Roopshri Resorts doubles revenue as profits slump 80%
A surge in finance costs and other expenses eroded margins despite a strong jump in top-line growth for the fiscal year ended March 2026.
What's new with Roopshri Resorts Ltd.
- Annual revenue reached ₹266.99 lacs, compared to ₹142.83 lacs in FY25.
- Higher finance and operating costs caused net profits to drop nearly 80%.
- The board appointed an internal auditor alongside the release of audited results.
Why this matters for Roopshri Resorts Ltd.

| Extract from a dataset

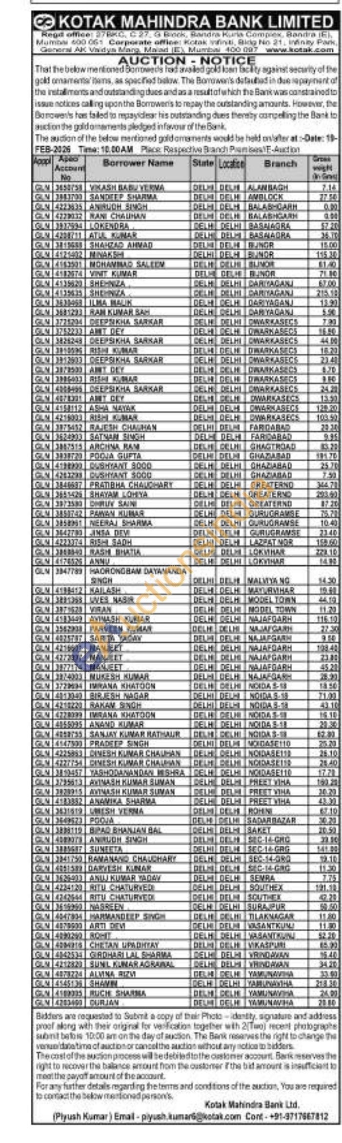 Kotak Mahindra Bank Gold Auctions Auction in New Delhi
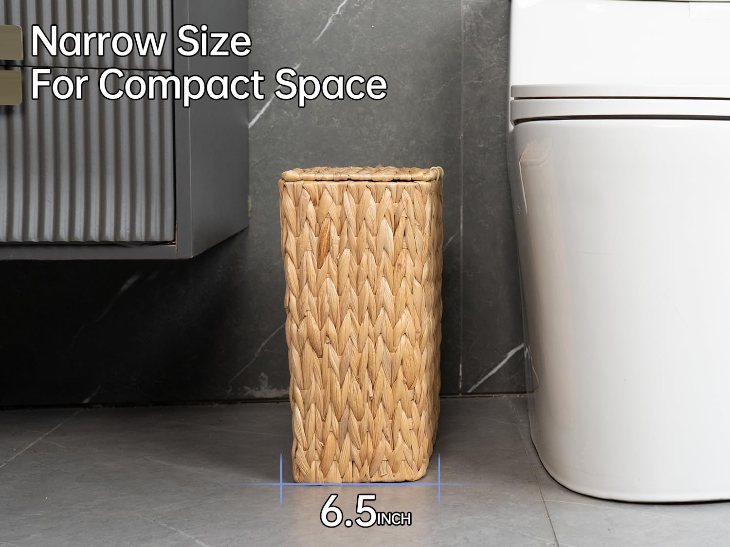 3 Gallon Wicker Trash Can,Small Bathroom Trash Can with Lid,Natural Water Hyacinth Wicker Waste Basket for Bedroom,Toilet,Narrow Garbage Can with Removable Liner

Revenue gains are often masking underlying margin pressure in small-cap hospitality. With finance costs rising, the business is scaling its top line at the expense of bottom-line stability.
What we're watching
- Whether the internal auditor appointment leads to tighter expense management.
- Any shift in debt levels that might alleviate the high finance cost burden.
- Margin recovery in upcoming quarterly filings.
The full read
Roopshri Resorts grew its annual revenue to ₹266.99 lacs for the year ended March 31, 2026, marking a significant increase over the ₹142.83 lacs reported in the prior year. However, that growth did not reach the bottom line. Net profit plummeted to ₹9.07 lacs, down from ₹45.13 lacs a year earlier. The gap is the direct result of a sharp increase in finance costs and general operating expenses. The auditor provided an unmodified report, and the board used the meeting to appoint an internal auditor. As a nano-cap firm, the results carry no surprise strategic shifts. The reality remains that the company is struggling to manage its rising overheads despite a meaningful lift in customer revenue. Investors face the classic small-company trade-off: top-line expansion that currently lacks profitable execution.